The law of nuisance has long been seen as the heart of real property law - this because of its distributive and re-distributive force in land use. In its present form, while often ad hoc in application, a nuisance is defined generally as merely some interference with the use and enjoyment of the land. The most common remedy to abate a nuisance is injunctive relief in equity. Yet, judicial creativity has been seen through the use of such remedies as awards of permanent damages and the compensated injunction. The doctrine of anticipatory nuisance is brought into focus usually when a moving party is seeking to prevent commencement of what is alleged will become a nuisance. While recognized in both state and federal common law for many years, it is under-utilized because of the high burden of proof (e.g., reasonable certainty or high probability) normally set legislatively or through judicial interpretation and practice. Currently, only two states - Alabama and Georgia - have statutory enactments which allow for injunctive relief to restrain actions before they become nuisances.
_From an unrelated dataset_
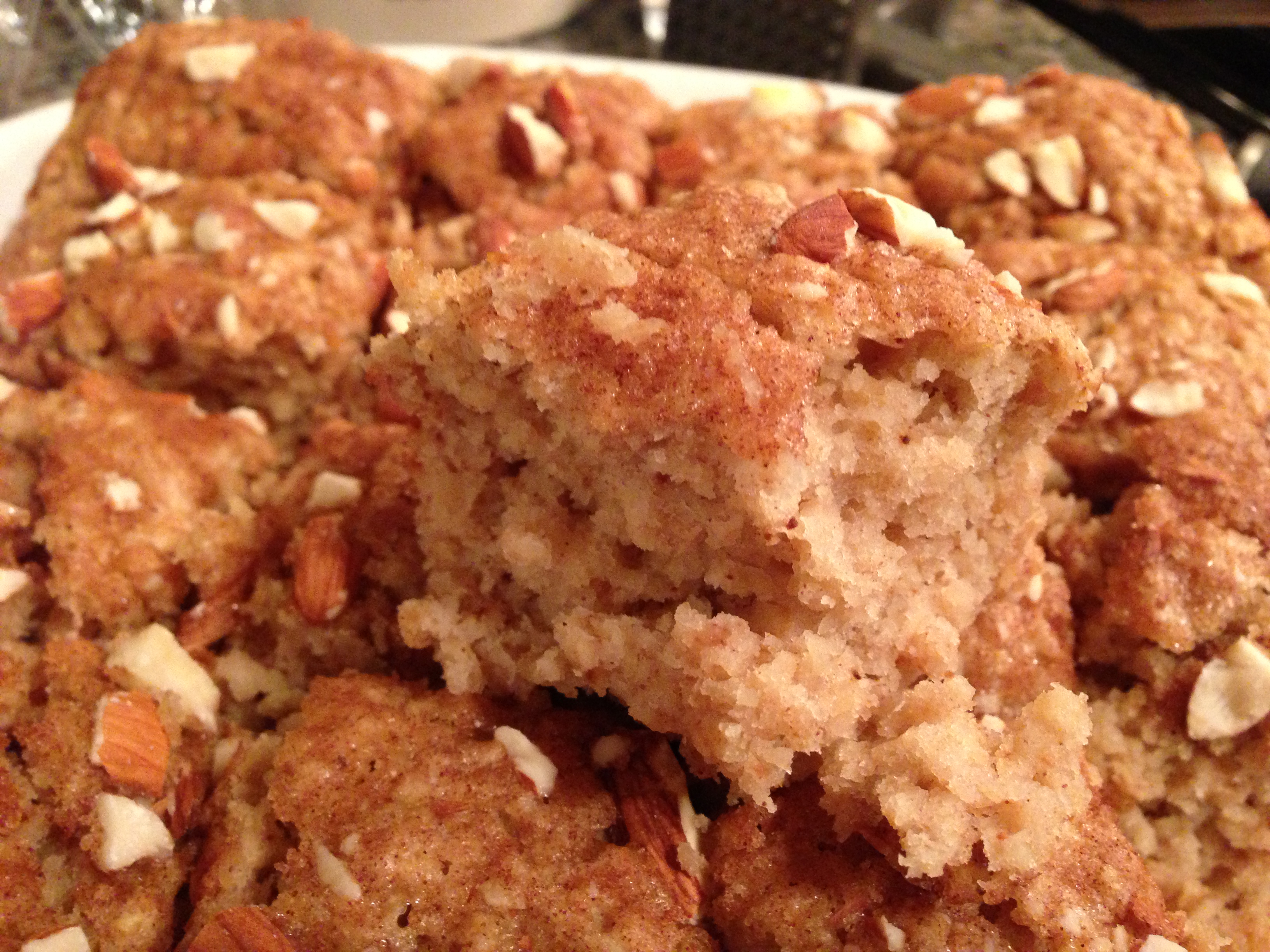 I was worried about my lack of breakfast options, so I steam-rolled ahead into making a low-sugar coffee cake with applesauce and quick oats; I found the recipe on the American Diabetes Association site, although I halved it and added chopped almonds. It has great texture – very moist. I think it’ll be good warmed with honey tomorrow. Whenever you can spare some sugar and major calories without losing out on flavor, I say do it! Applesauce (especially low or no sugar-added) is a great 1-1 substitute for butter and fats because it adds moisture. You can even use this in cookies and chocolate cake! Just make sure to reduce or at least monitor your baking time because removing some fat will usually speed the cooking process.

In order to re-validate the doctrine of anticipatory nuisance and contemporize its inherent value to modern lawmaking - and particularly to environmental management - the thesis of this Article is simple and direct: namely, that by greater judicial care and insight in applying the traditional balancing test to include a weighing of both the probability and the magnitude of an injury, equitably nuanced and practical decisionmaking will occur.
Similarly, with legislative foresight, efforts should be made to define and clarify with greater specificity what evidentiary proofs must be submitted in order to establish, for example, a reasonable certainty of harm necessary to trigger injunctive relief.
George P. Smith, II, Re-Validating The Doctrine of Anticipatory Nuisance, 29 VT. L. REV. 687 (2005).